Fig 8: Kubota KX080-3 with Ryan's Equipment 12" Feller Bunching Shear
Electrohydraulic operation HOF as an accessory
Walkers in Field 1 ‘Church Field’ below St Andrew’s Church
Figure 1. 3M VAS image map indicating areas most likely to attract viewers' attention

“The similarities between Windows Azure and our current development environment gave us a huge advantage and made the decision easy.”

...

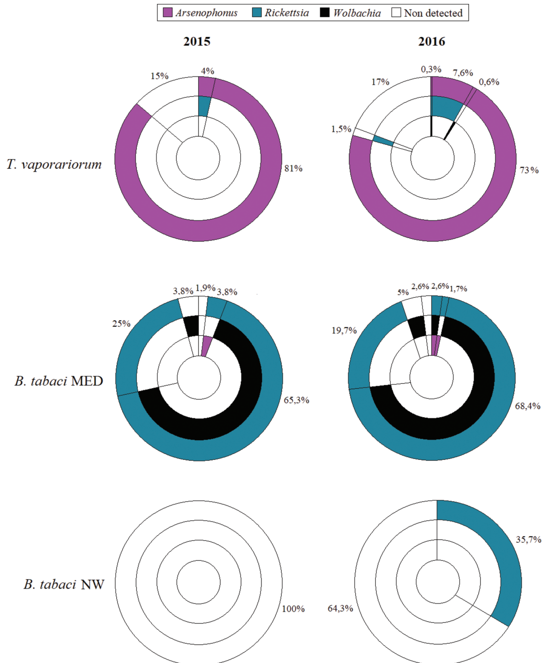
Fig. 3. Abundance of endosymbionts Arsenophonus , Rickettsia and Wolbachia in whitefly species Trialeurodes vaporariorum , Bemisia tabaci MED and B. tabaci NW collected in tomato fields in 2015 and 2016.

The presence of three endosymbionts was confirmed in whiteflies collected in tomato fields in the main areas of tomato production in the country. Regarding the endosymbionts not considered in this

--

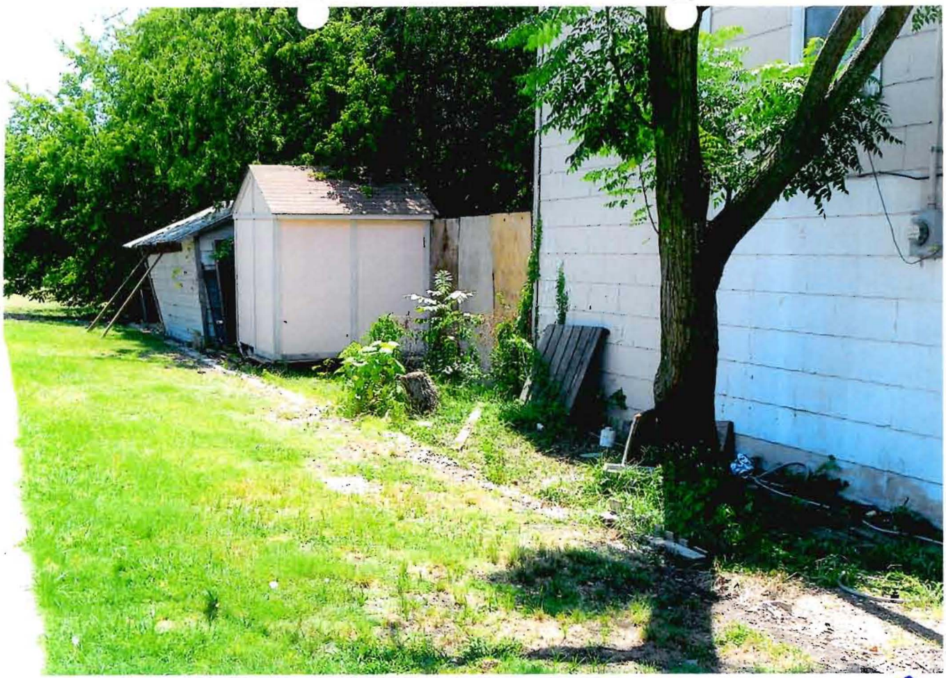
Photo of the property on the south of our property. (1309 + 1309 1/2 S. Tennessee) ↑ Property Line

To do:
Copy each line above that contains the word "fields".

Written solution:
Fig. 3. Abundance of endosymbionts Arsenophonus , Rickettsia and Wolbachia in whitefly species Trialeurodes vaporariorum , Bemisia tabaci MED and B. tabaci NW collected in tomato fields in 2015 and 2016.
The presence of three endosymbionts was confirmed in whiteflies collected in tomato fields in the main areas of tomato production in the country. Regarding the endosymbionts not considered in this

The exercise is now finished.